« L’humain d’abord » ou le syndrome du sacrifié en premier : chronique d’une expression paradoxale

La formule « l’humain d’abord » est devenue un mantra managérial. D’ailleurs, elle se décline à l’envie : management humain, manager humain, gestion humaine, pilotage humain, processus humain… Jusque-là, il n’y a rien d’anormal à magnifier l’humain.

Néanmoins, si nous mettons en parallèle cette omniprésence langagière de « l’humain » et le développement exponentiel des maux du travail (désengagement, stress, burn-out, bore-out et même suicides), nous nous rendons très vite compte qu’il y a quelque chose qui cloche.

En effet, il existe une distorsion entre les appels à l’humain et la manière dont les êtres humains sont effectivement « traités » dans beaucoup d’entreprises. Tout se passe comme si le langage est utilisé pour combler un vide béant laissé par le réel, un réel qui est souvent l’expression d’un « traitement pastoral de l’Homme ». En effet, depuis au moins Machiavel, nous savons que moins une chose existe, plus il faut en parler.

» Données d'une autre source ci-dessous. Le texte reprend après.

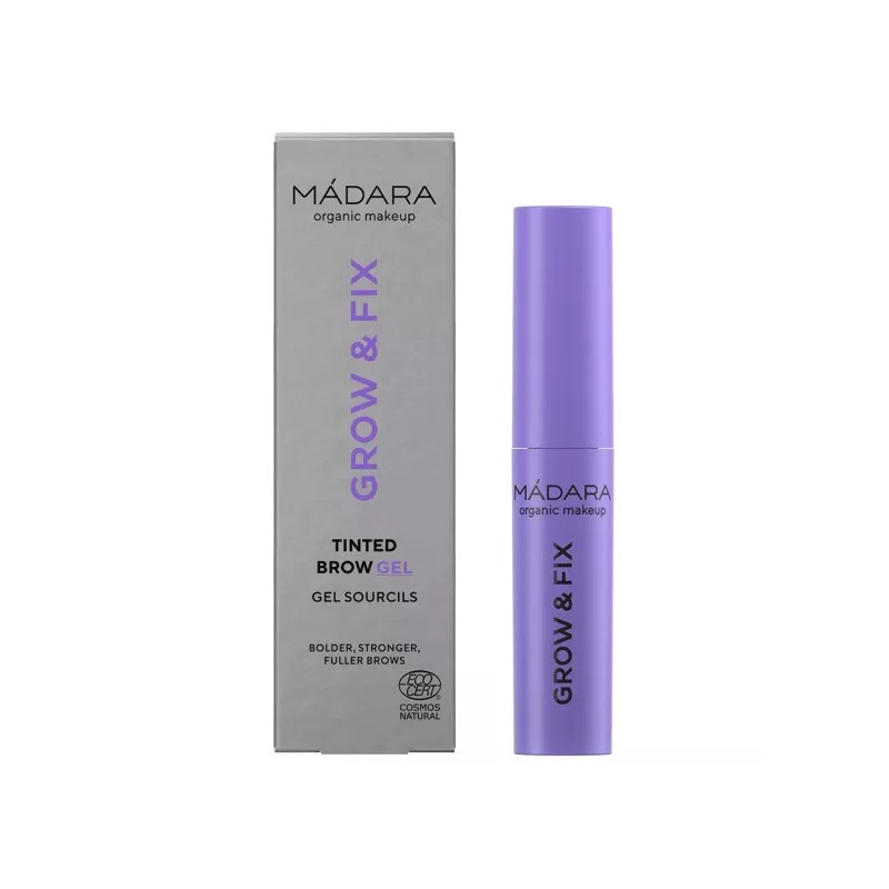 Le gel teinté Grow & Fix Mádara discipline, fixe et intensifie les sourcils en un geste. Disponible en 3 teintes, il allie maquillage et soin grâce à ses peptides, vitamines et pigments naturels pour des sourcils plus fournis, renforcés et naturellement colorés. ?? 99 % d’ingrédients d’origine naturelle.

Les organisations ont certes besoin d’humains, c’est une vérité de La Palice, mais elles ont surtout besoin de professionnels. Cependant, la rationalité instrumentale en vigueur en leur sein, sans concurrence aucune avec toute autre forme de rationalité (rationalité axiologique notamment), rend difficile un vécu de professionnel digne de ce nom, au moins pour deux raisons fondamentales :

  • Agir avec humanité ne se décrète pas dans une organisation (dans une entreprise comme dans la société en générale) : la finalité d’une organisation n’est ni le vrai, le beau, le bien mais la capacité à exécuter efficacement l’ordre reçu. Autrement dit, il n’y a pas de sagesse spontanée dans une organisation qui serait la traduction d’une force irrésistible d’humanité. La sagesse organisationnelle n’existe pas car seul un Homme dont les idéaux surpassent les instincts (Paul Valery) et conscient des risques qu’il prend, peut être sage car il y a toujours un prix à payer. Gorges Canguilhem le disait avec ces mots dans un brillant texte dans lequel il compare le corps et la société : « La régulation (dans une société) y est toujours, si je puis dire, surajoutée, et toujours précaire. … Il n’y a pas une sagesse sociale comme il y a une sagesse du corps. Sage il faut le devenir, et juste, il faut le devenir. Le signe objectif qu’il n’y a pas de justice sociale spontanée, c’est-à-dire d’autorégulation sociale, que la société n’est pas un organisme et que par conséquent son état normal est peut-être le désordre et la crise, c’est le besoin périodique du héros qu’éprouvent les sociétés ». Juchés sur les épaules de cet illustre penseur, nous pouvons dire que l’organisation n’est pas un organisme, il faut être un héros dans une organisation pour être sage donc humain car comme nous le rappelle Bernard Charbonneau, des œuvres mortes ne peuvent produire que des œuvres de mort.
  • Une action collective qui fait fi des singularités ne peut qu’engendrer irresponsabilité et impersonnalité, les deux meilleurs ennemis du professionnel : dans une organisation faite de femmes et d’hommes, l’humanité véritable ne peut s’exprimer qu’au travers d’une « puissance d’expansion » par le truchement d’un environnement capacitant leur permettant d’exercer pleinement leurs métiers. Cet exercice plein et entier des métiers est aujourd’hui entravé par plusieurs obstacles : l’amenuisement progressif de la capacité du professionnel à participer activement aux décisions (au moins une partie) qui impactent son quotidien à cause de la pléonexie organisationnelle (le fait de vouloir plus que sa part et son corollaire, se penser plus indispensable qu’on ne devrait et, dès lors, se croire légitime pour décider pour les autres, voire régenter leur vie au travail), la multiplication et la multiplicité des procédures de toute sorte (finalité, moyen et enrôlement), un étalon du savoir-faire quasi exclusivement quantitatif au détriment de la qualité du travail, l’accroissement des outils non conviviaux dans le sens Illichien du terme (Yvan Illich) qui finit par prolétariser les existences.

Alors l’humain d’abord ? Je pense que là où l’humain est proclamé, il y est souvent nié. Le désengagement actuel des travailleurs voire leur cynisme vis-à-vis de discours totalement déconnectés du réel n’est qu’un signe avant-coureur d’une stasis, d’une crise politique et morale de l’entreprise. Il ne suffira pas simplement de formuler une raison d’être, il faut aussi s’interroger sur les raisons de l’être comme sujet et en tirer les conséquences pratiques. Sans un tel travail, l’humain d’abord consistera toujours à le « sacrifier » en premier. La performance devenue souvent fatale, les mots ne suffiront pas à soigner les maux.